A peine assis sur son fauteuil d’un autre siècle, dans le clair-obscur de son château surplombant Naplouse, en Cisjordanie occupée, le milliardaire palestinien Mounib al-Masri interroge le journaliste de passage: « Pouvez-vous me citer les 58 mots de la déclaration de Balfour? »
Et le reporter, rébarbatif, de s’exécuter: « La déclaration de Balfour de 1917 dit à peu de choses près que le gouvernement britannique envisage favorablement l’établissement en Palestine d’un Foyer national pour le peuple juif ».

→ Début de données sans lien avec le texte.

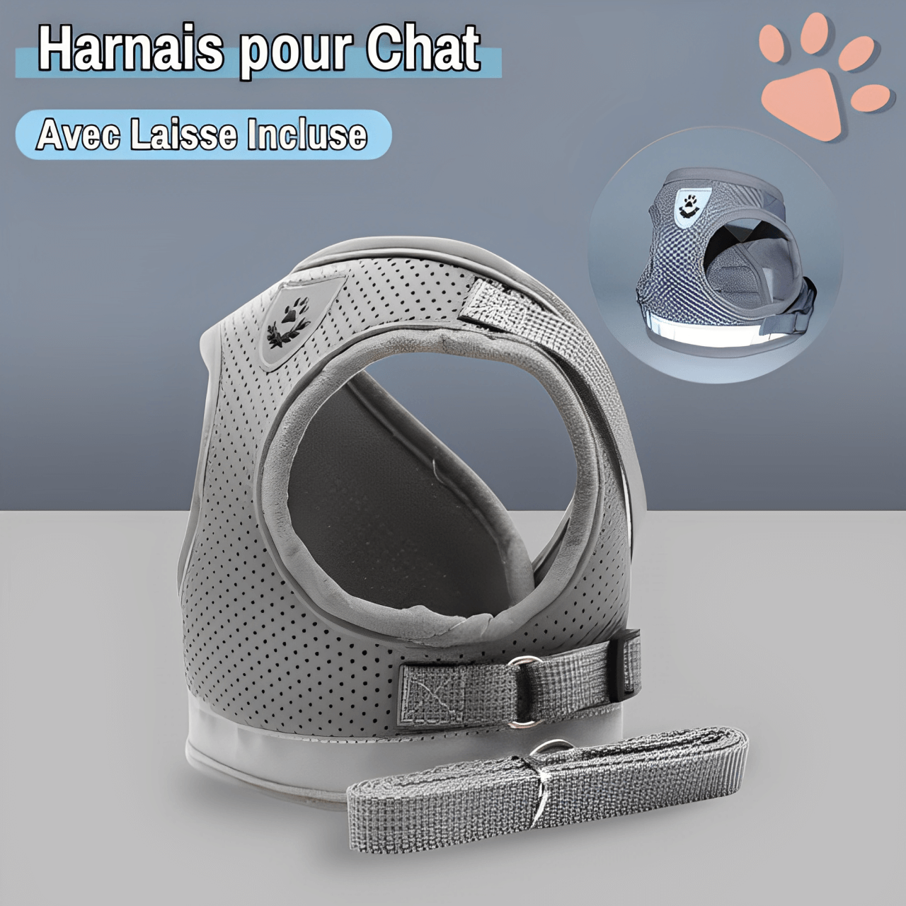 Harnais pour Chat Anti-Tranction avec Laisse OFFERTE | JuJuCatHarn™

« Mais vous avez oublié l’essentiel », rétorque l’homme de 86 ans à la barbe blanche ébouriffée, dans le salon de son manoir baptisé « Bait al-Falestine », la « maison de la Palestine », dominant les collines de sa ville d’origine Naplouse.
La déclaration « dit que +Rien ne peut porter atteinte aux droits civiques et religieux des collectivités non juives en Palestine+ », enchaîne l’homme d’affaires, engagé pour la cause palestinienne depuis plus d’un demi-siècle.

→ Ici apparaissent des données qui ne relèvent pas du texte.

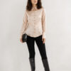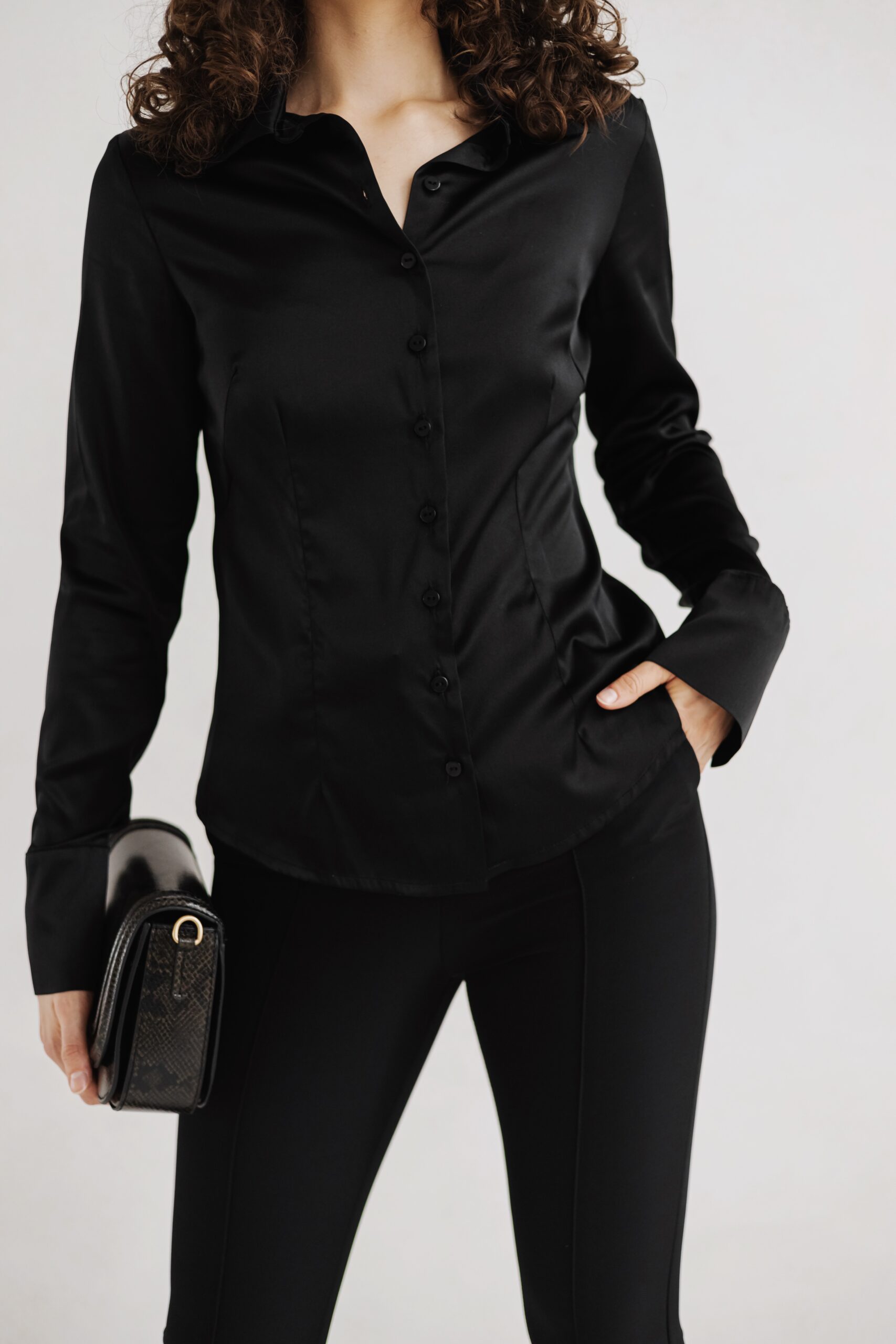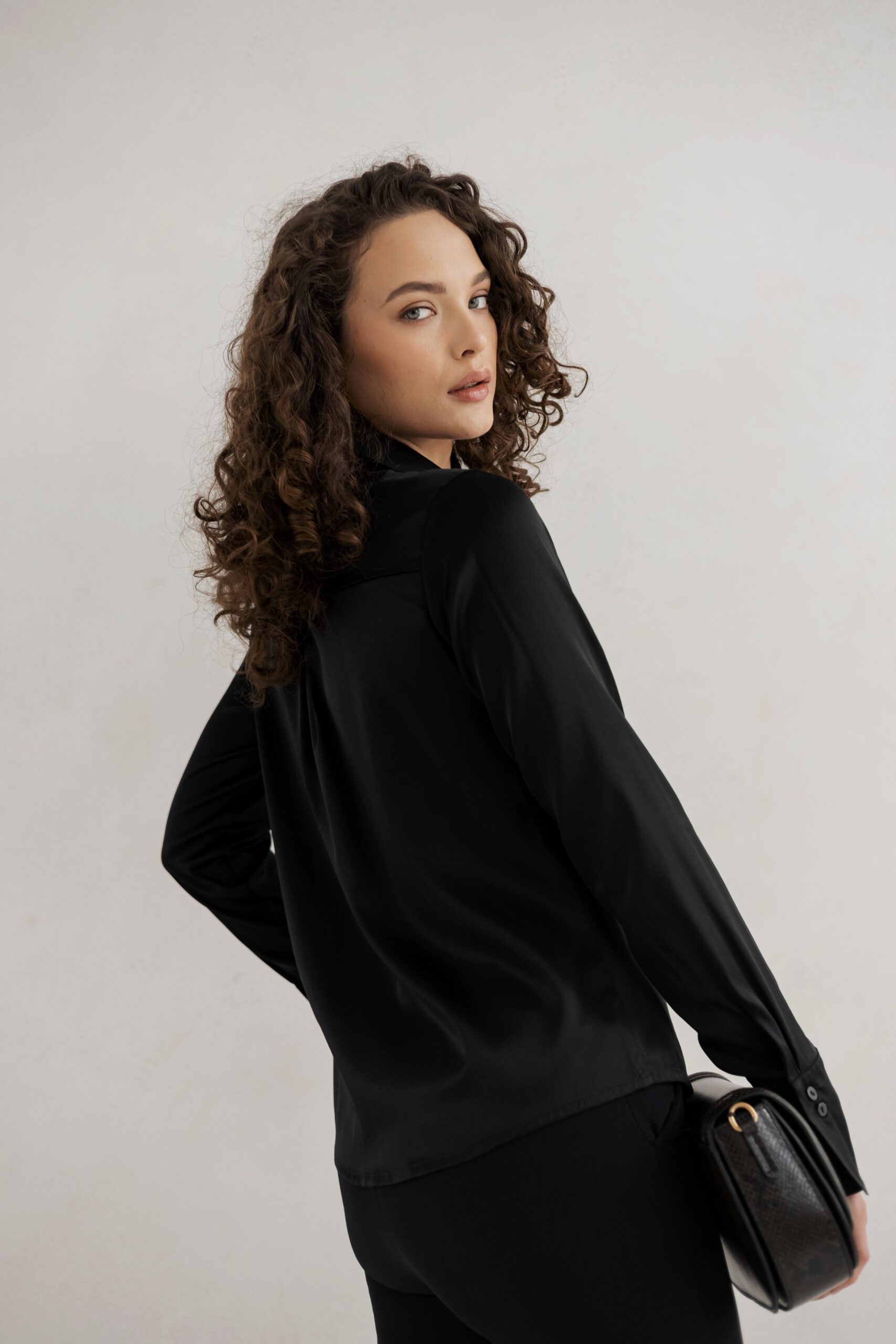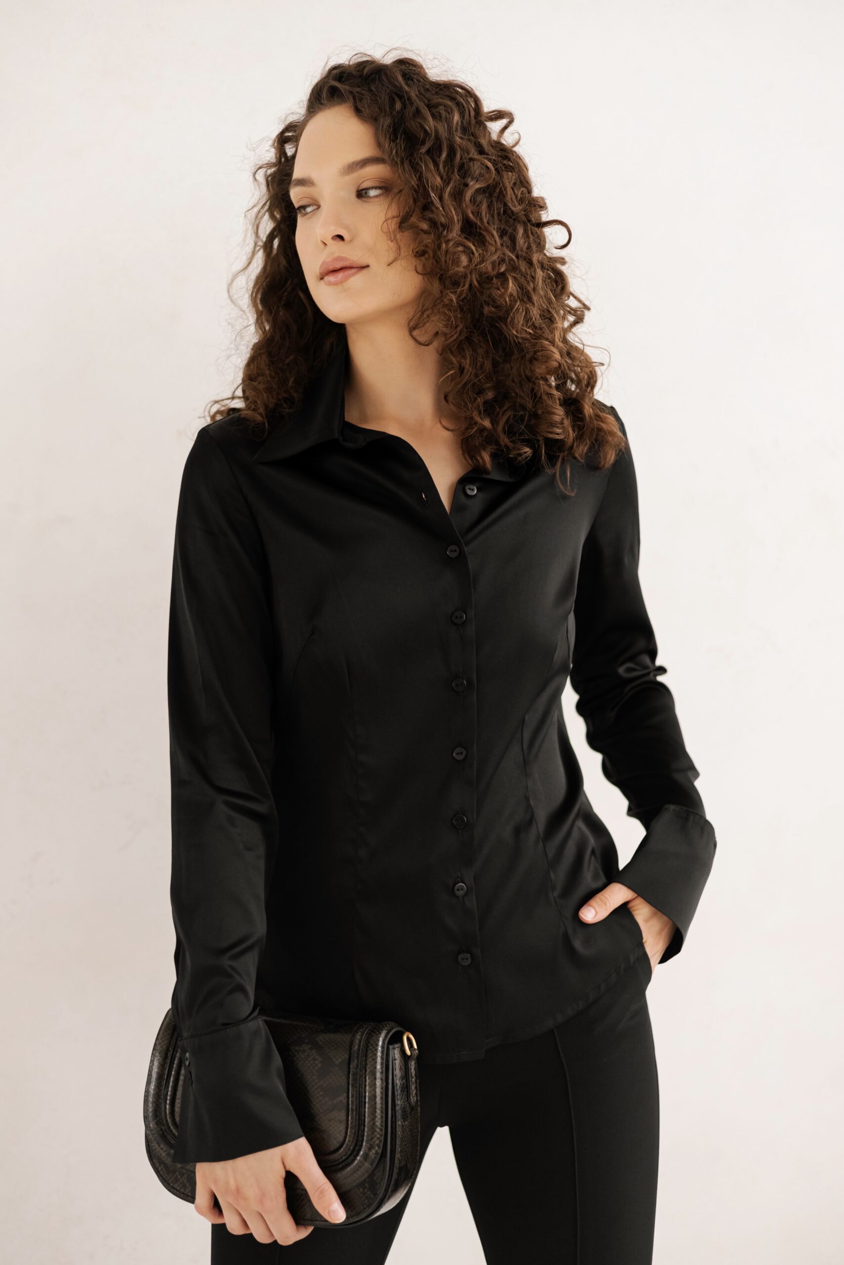 Elegancka jedwabna koszula pasuje do stylizacji o różnym charakterze, posiada klasyczny kołnierzyk, odwijane mankiety zapinane na guziki i zaokrąglony dół.

« Cela voudrait dire que nous n’avons pas de droits politiques, que nous ne sommes que des +collectivités non juives+ en Palestine. De quel droit les Britanniques ont-ils pu donner ce qui ne leur appartenait pas? », s’insurge-t-il, à propos de cette déclaration considérée comme un jalon important ayant favorisé la création d’Israël en 1948.
M. Masri trône au sommet d’un empire familial, le conglomérat Edgo, actif dans les services aux entreprises pétrolières du Golfe.
L’industriel a également cofondé la holding « Palestine Development and Investment Co » (Padico), spécialisée dans le développement des infrastructures palestiniennes et aux ramifications multiples dans les télécoms et la finance. Un géant dirigé aujourd’hui par son neveu Bachar.
Père de six enfants, M. Masri –qui avait quitté la Palestine à 18 ans pour étudier la géologie aux Etats-Unis– vit désormais seul dans son château.
Obsession
Au centre de la demeure, un marbre d’Hercule. Dans un salon, une statue babylonienne. Au sous-sol, un mini-musée de la « mémoire palestinienne » où l’homme d’affaires apparaît sur des fresques peintes de la « Nakba » (« Catastrophe » en arabe), terme utilisé par les Palestiniens pour décrire l’usurpation de la Palestine et l’implantation d’Israël, et la « Naksa » (« Rechute »), défaite arabe lors de la guerre des Six-Jours (1967).
Sur les murs se déclinent des photos de l’homme à la silhouette en aiguille et aux yeux azurs, aux côtés du démocrate américain Joe Biden, de Nelson Mandela ou de Yasser Arafat, leader historique de la cause palestinienne dont il était l’ami et qu’il dit avoir exfiltré en 1970 de Jordanie à la Syrie dans le coffre de sa voiture…
Milliardaire selon la presse arabe –un magazine spécialisé évaluait sa fortune à 1,6 milliard de dollars en 2006–, le magnat n’a jamais été loin de la politique, étant dans sa jeunesse ministre en Jordanie, puis ministre palestinien.
L’octogénaire, qui aurait refusé plusieurs fois d’être nommé Premier ministre de l’Autorité palestinienne mais qui a conservé un siège au Conseil législatif palestinien, reste obsédé par la déclaration Balfour.
« Je me souviens du jour où le professeur nous a parlé de la déclaration Balfour et de sa signification. J’avais huit ans. Il l’a lue et l’a mise dans ma tête. Depuis ce jour, je suis en colère. »
« Pire » période
« Aujourd’hui, c’est le pire période de l’histoire palestinienne (…), nous vivons dans une grande prison », clame-t-il en évoquant, outre l’occupation israélienne de la Cisjordanie depuis 1967, la normalisation récente des relations entre Israël et plusieurs pays arabes de la région, les divisions inter palestiniennes, et l’absence de « volonté des Israéliens de partager le gâteau » de la terre.
M. Masri rêve d’une réconciliation entre le Fatah laïque de Mahmoud Abbas et le mouvement islamique du Hamas pour redonner une voix unie aux Palestiniens.
Il écrit, sans grand espoir, des lettres au président américain Donald Trump pour s’opposer à son plan pour le Moyen-Orient et plaider pour une solution à deux Etats, et voit a contrario le président français Emmanuel Macron en faiseur de paix israélo-palestinienne.
Il est descendu de ses collines le 22 octobre pour tenter de triompher de l’histoire. Il a déposé avec des ONG locales une plainte symbolique devant un tribunal palestinien, réclamant au Royaume-Uni d’indemniser les Palestiniens des « torts » infligés par Lord Balfour, ancien chef de la diplomatie britannique dont la déclaration a si longtemps hanté ses nuits.